(Excerpts from a dataset)
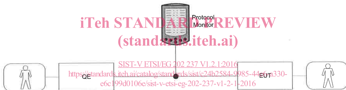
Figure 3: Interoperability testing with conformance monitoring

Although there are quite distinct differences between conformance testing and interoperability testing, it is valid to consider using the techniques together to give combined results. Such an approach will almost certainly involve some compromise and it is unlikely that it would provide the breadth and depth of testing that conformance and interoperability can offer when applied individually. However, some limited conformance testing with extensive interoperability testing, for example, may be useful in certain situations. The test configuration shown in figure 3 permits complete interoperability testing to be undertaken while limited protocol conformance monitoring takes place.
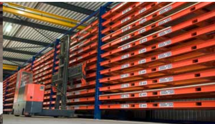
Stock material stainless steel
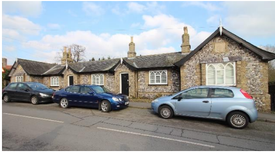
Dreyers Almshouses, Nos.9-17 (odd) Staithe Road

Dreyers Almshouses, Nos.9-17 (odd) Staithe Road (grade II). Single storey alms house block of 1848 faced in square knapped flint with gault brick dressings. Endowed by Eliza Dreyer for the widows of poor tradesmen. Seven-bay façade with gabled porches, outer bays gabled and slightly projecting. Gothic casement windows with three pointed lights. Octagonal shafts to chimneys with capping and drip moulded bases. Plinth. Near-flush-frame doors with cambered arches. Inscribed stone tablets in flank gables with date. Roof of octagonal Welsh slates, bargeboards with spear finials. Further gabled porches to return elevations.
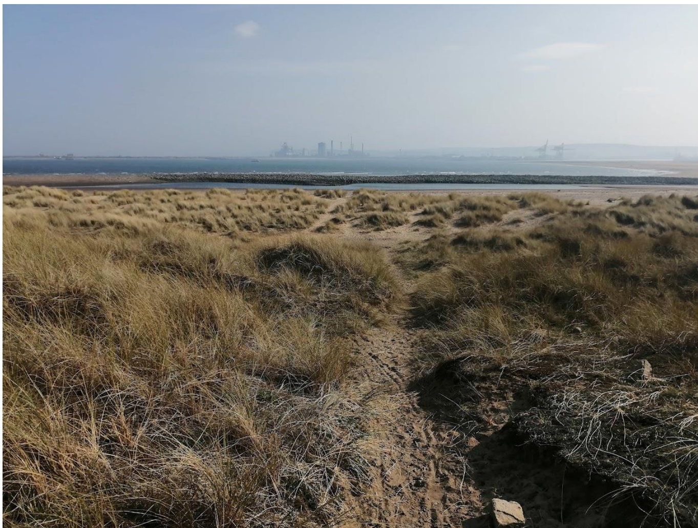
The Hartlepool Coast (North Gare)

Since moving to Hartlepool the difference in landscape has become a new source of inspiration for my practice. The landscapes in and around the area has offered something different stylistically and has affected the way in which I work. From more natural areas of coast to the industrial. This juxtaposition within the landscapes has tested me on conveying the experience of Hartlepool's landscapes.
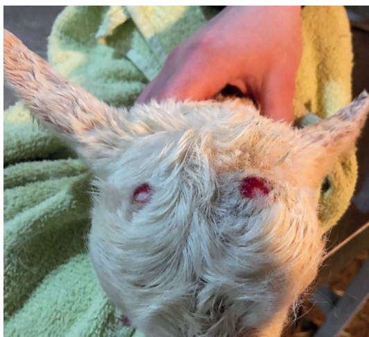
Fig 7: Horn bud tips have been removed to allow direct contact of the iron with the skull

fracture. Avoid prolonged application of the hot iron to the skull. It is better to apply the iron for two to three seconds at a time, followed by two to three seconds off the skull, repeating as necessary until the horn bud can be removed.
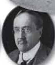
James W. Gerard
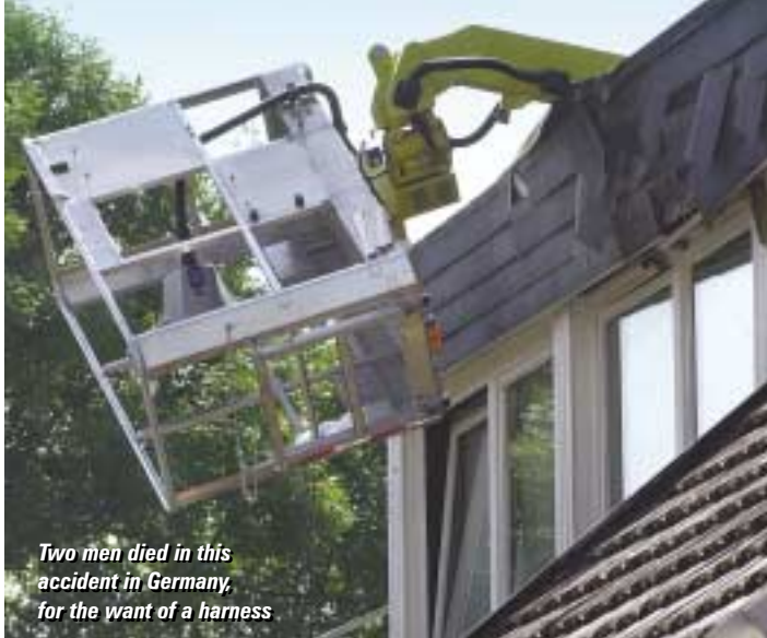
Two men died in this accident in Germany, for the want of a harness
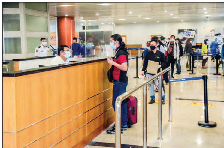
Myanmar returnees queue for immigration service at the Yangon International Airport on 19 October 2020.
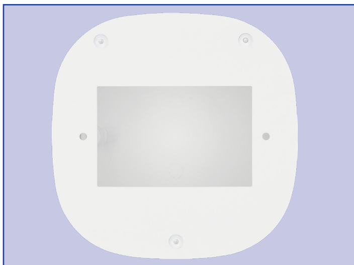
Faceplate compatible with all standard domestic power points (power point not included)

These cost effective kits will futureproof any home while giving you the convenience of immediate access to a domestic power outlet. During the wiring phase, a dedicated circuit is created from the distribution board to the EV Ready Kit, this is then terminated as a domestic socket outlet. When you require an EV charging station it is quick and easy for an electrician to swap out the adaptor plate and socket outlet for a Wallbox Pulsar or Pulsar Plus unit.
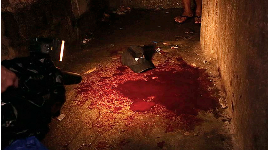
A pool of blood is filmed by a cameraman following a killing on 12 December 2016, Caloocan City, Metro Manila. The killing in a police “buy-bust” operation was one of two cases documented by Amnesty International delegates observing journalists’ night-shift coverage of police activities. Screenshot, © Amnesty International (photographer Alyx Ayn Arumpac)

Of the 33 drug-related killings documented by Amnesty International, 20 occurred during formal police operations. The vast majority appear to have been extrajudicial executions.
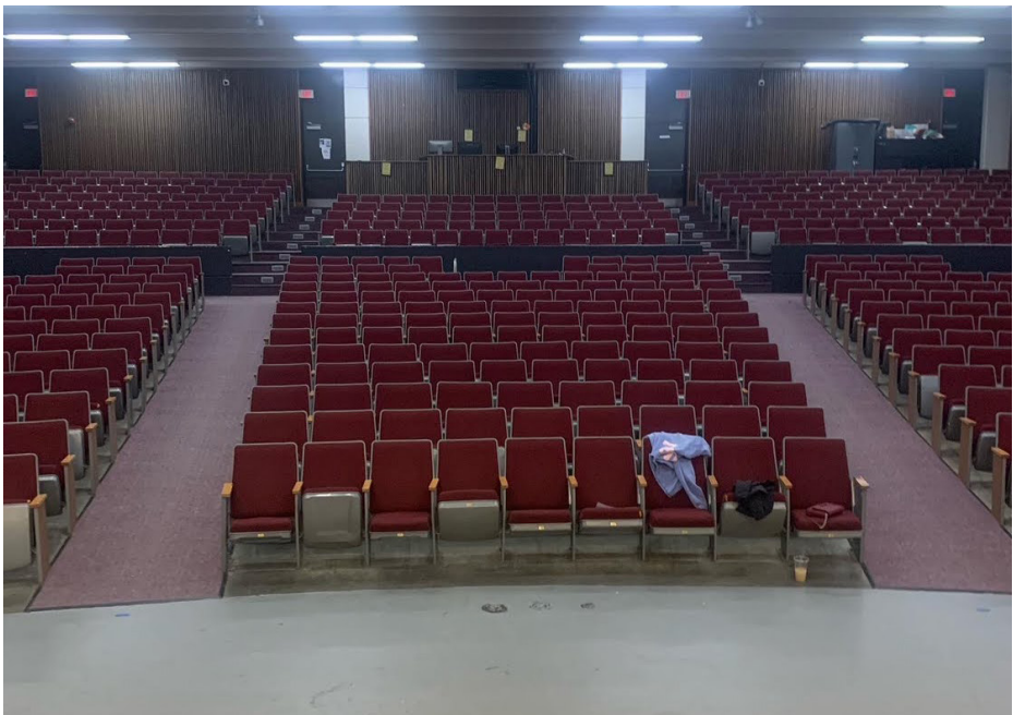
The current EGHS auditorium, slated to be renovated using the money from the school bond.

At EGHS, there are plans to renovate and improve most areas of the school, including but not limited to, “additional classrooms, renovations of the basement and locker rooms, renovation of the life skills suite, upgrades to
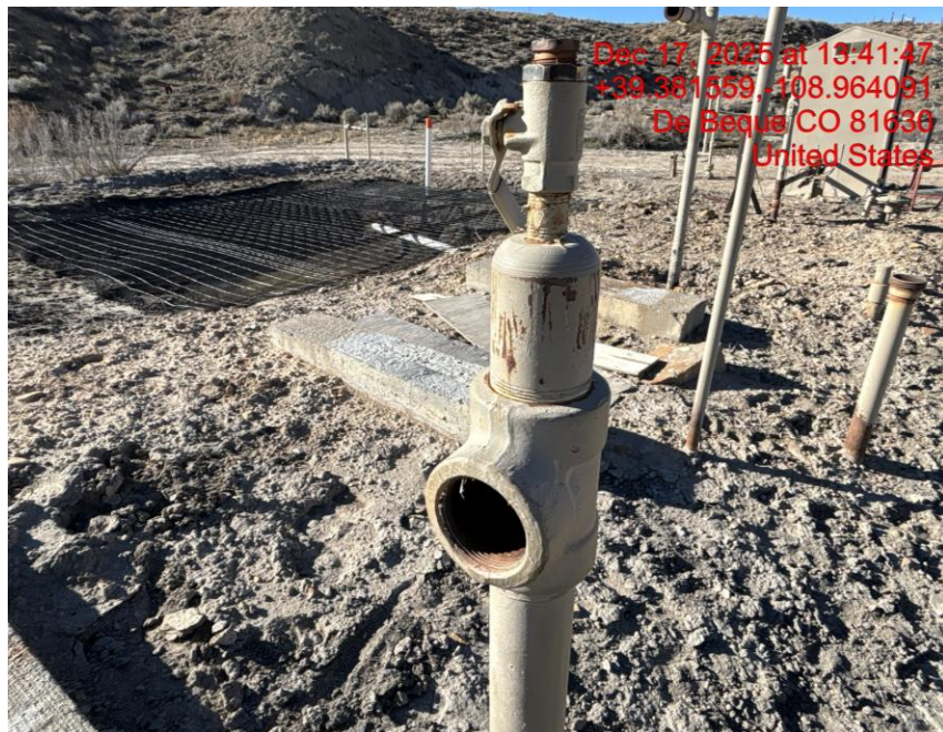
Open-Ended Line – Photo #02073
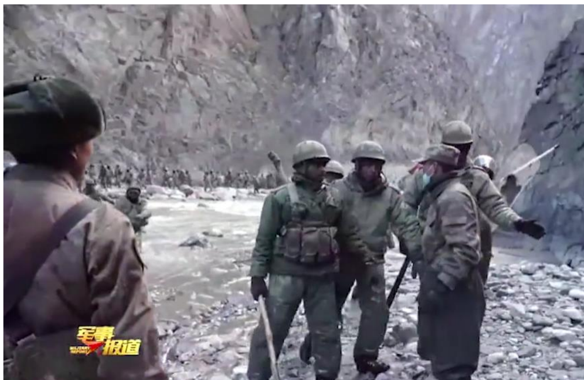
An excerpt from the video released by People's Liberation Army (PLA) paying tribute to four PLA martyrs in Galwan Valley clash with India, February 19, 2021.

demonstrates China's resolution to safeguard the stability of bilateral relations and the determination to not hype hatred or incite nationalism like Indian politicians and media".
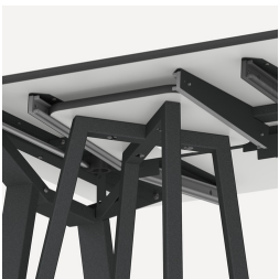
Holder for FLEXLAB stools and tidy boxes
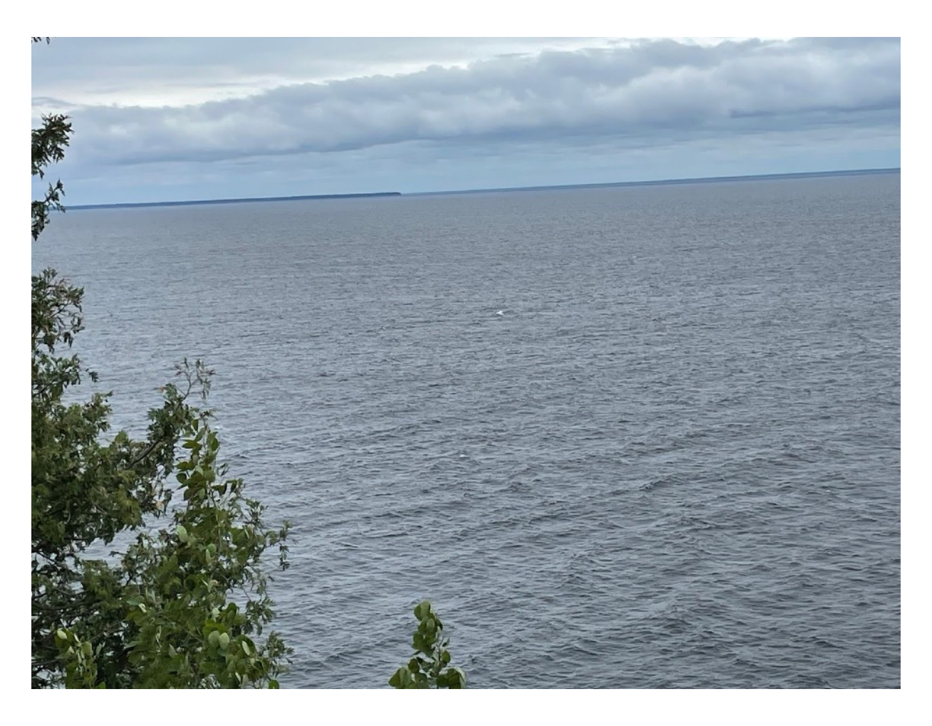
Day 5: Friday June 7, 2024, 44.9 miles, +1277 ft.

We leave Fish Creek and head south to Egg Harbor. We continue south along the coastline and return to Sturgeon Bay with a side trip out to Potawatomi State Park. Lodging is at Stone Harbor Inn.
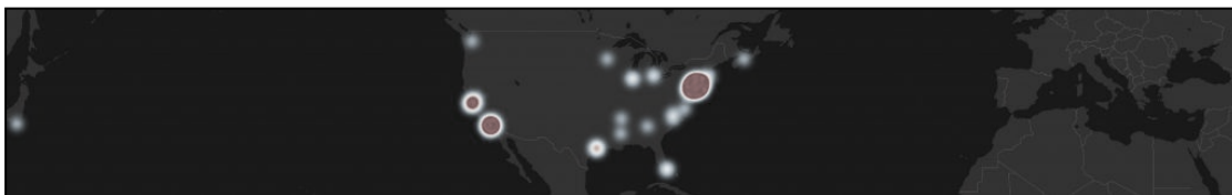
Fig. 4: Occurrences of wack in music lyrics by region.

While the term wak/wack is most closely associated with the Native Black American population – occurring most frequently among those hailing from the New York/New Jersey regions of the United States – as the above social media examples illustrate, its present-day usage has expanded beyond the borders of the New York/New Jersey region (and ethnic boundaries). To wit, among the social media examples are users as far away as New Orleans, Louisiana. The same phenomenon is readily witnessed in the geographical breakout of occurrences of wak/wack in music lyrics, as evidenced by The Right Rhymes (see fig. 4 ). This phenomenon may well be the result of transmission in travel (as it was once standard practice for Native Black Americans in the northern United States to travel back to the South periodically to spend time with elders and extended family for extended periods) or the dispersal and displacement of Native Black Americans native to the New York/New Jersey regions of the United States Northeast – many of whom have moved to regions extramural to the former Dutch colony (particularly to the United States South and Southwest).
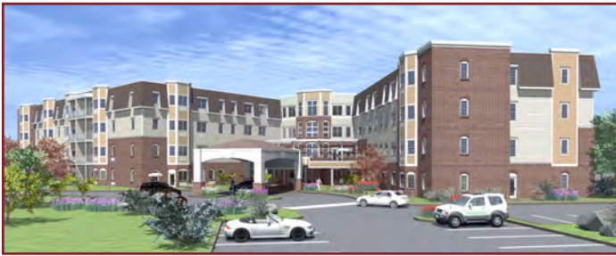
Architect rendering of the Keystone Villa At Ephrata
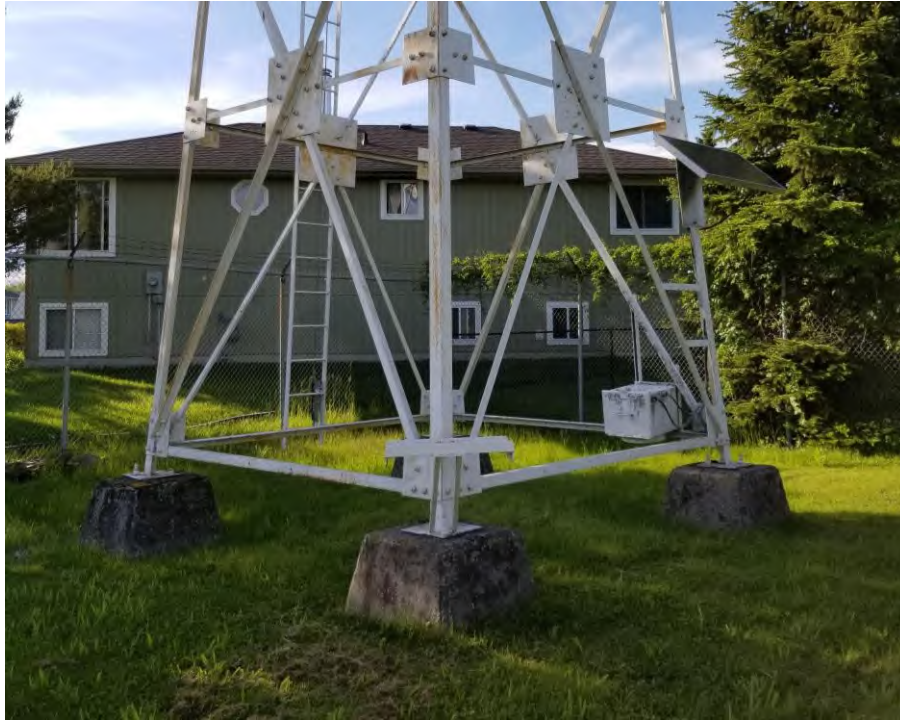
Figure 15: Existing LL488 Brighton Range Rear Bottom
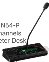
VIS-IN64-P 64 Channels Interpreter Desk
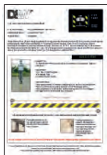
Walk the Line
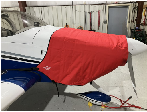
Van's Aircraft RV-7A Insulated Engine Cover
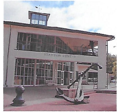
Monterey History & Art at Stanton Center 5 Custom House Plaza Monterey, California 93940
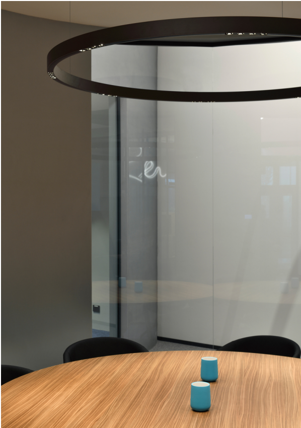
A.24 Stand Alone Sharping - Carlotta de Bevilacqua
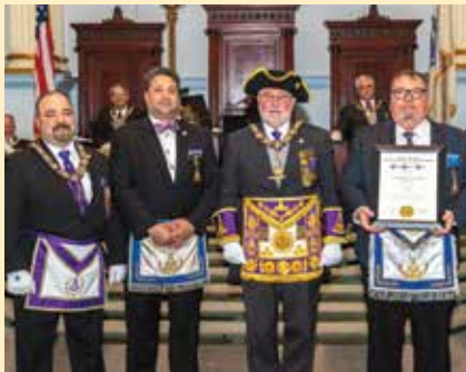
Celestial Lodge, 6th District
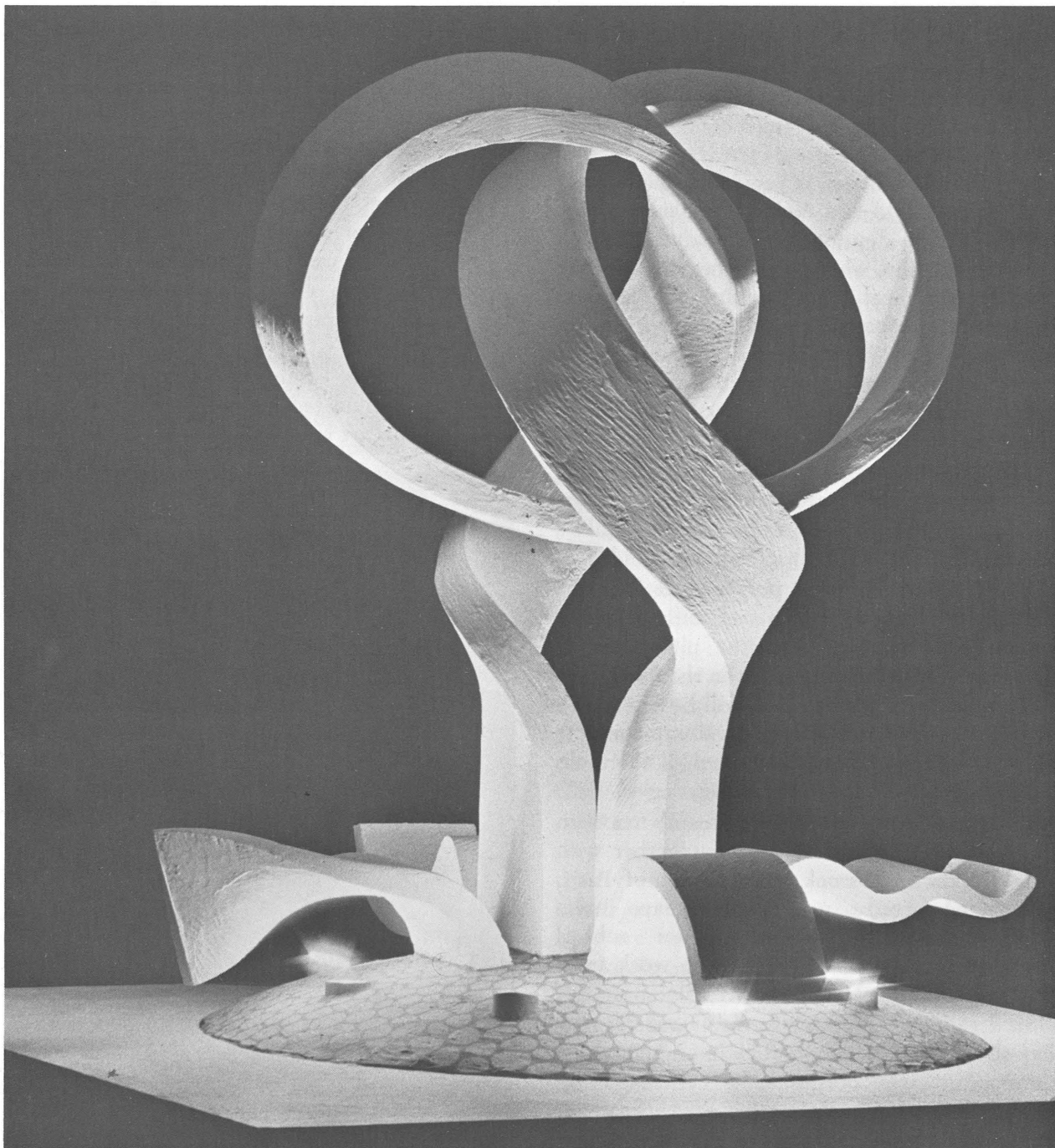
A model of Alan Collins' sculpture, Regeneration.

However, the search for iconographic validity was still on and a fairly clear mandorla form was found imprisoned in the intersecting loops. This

**Task instructions**
Would you provide an exact, picture-free copy of the data above?

**Task result**
Figure 3: Interoperability testing with conformance monitoring

Although there are quite distinct differences between conformance testing and interoperability testing, it is valid to consider using the techniques together to give combined results. Such an approach will almost certainly involve some compromise and it is unlikely that it would provide the breadth and depth of testing that conformance and interoperability can offer when applied individually. However, some limited conformance testing with extensive interoperability testing, for example, may be useful in certain situations. The test configuration shown in figure 3 permits complete interoperability testing to be undertaken while limited protocol conformance monitoring takes place.
Stock material stainless steel
Dreyers Almshouses, Nos.9-17 (odd) Staithe Road

Dreyers Almshouses, Nos.9-17 (odd) Staithe Road (grade II). Single storey alms house block of 1848 faced in square knapped flint with gault brick dressings. Endowed by Eliza Dreyer for the widows of poor tradesmen. Seven-bay façade with gabled porches, outer bays gabled and slightly projecting. Gothic casement windows with three pointed lights. Octagonal shafts to chimneys with capping and drip moulded bases. Plinth. Near-flush-frame doors with cambered arches. Inscribed stone tablets in flank gables with date. Roof of octagonal Welsh slates, bargeboards with spear finials. Further gabled porches to return elevations.
The Hartlepool Coast (North Gare)

Since moving to Hartlepool the difference in landscape has become a new source of inspiration for my practice. The landscapes in and around the area has offered something different stylistically and has affected the way in which I work. From more natural areas of coast to the industrial. This juxtaposition within the landscapes has tested me on conveying the experience of Hartlepool's landscapes.
Fig 7: Horn bud tips have been removed to allow direct contact of the iron with the skull

fracture. Avoid prolonged application of the hot iron to the skull. It is better to apply the iron for two to three seconds at a time, followed by two to three seconds off the skull, repeating as necessary until the horn bud can be removed.
James W. Gerard
Two men died in this accident in Germany, for the want of a harness
Myanmar returnees queue for immigration service at the Yangon International Airport on 19 October 2020.
Faceplate compatible with all standard domestic power points (power point not included)

These cost effective kits will futureproof any home while giving you the convenience of immediate access to a domestic power outlet. During the wiring phase, a dedicated circuit is created from the distribution board to the EV Ready Kit, this is then terminated as a domestic socket outlet. When you require an EV charging station it is quick and easy for an electrician to swap out the adaptor plate and socket outlet for a Wallbox Pulsar or Pulsar Plus unit.
A pool of blood is filmed by a cameraman following a killing on 12 December 2016, Caloocan City, Metro Manila. The killing in a police “buy-bust” operation was one of two cases documented by Amnesty International delegates observing journalists’ night-shift coverage of police activities. Screenshot, © Amnesty International (photographer Alyx Ayn Arumpac)

Of the 33 drug-related killings documented by Amnesty International, 20 occurred during formal police operations. The vast majority appear to have been extrajudicial executions.
The current EGHS auditorium, slated to be renovated using the money from the school bond.

At EGHS, there are plans to renovate and improve most areas of the school, including but not limited to, “additional classrooms, renovations of the basement and locker rooms, renovation of the life skills suite, upgrades to
Open-Ended Line – Photo #02073
An excerpt from the video released by People's Liberation Army (PLA) paying tribute to four PLA martyrs in Galwan Valley clash with India, February 19, 2021.

demonstrates China's resolution to safeguard the stability of bilateral relations and the determination to not hype hatred or incite nationalism like Indian politicians and media".
Holder for FLEXLAB stools and tidy boxes
Day 5: Friday June 7, 2024, 44.9 miles, +1277 ft.

We leave Fish Creek and head south to Egg Harbor. We continue south along the coastline and return to Sturgeon Bay with a side trip out to Potawatomi State Park. Lodging is at Stone Harbor Inn.
Fig. 4: Occurrences of wack in music lyrics by region.

While the term wak/wack is most closely associated with the Native Black American population – occurring most frequently among those hailing from the New York/New Jersey regions of the United States – as the above social media examples illustrate, its present-day usage has expanded beyond the borders of the New York/New Jersey region (and ethnic boundaries). To wit, among the social media examples are users as far away as New Orleans, Louisiana. The same phenomenon is readily witnessed in the geographical breakout of occurrences of wak/wack in music lyrics, as evidenced by The Right Rhymes (see fig. 4 ). This phenomenon may well be the result of transmission in travel (as it was once standard practice for Native Black Americans in the northern United States to travel back to the South periodically to spend time with elders and extended family for extended periods) or the dispersal and displacement of Native Black Americans native to the New York/New Jersey regions of the United States Northeast – many of whom have moved to regions extramural to the former Dutch colony (particularly to the United States South and Southwest).
Architect rendering of the Keystone Villa At Ephrata
Figure 15: Existing LL488 Brighton Range Rear Bottom
VIS-IN64-P 64 Channels Interpreter Desk
Walk the Line
Van's Aircraft RV-7A Insulated Engine Cover
Monterey History & Art at Stanton Center 5 Custom House Plaza Monterey, California 93940
A.24 Stand Alone Sharping - Carlotta de Bevilacqua
Celestial Lodge, 6th District
A model of Alan Collins' sculpture, Regeneration.

However, the search for iconographic validity was still on and a fairly clear mandorla form was found imprisoned in the intersecting loops. This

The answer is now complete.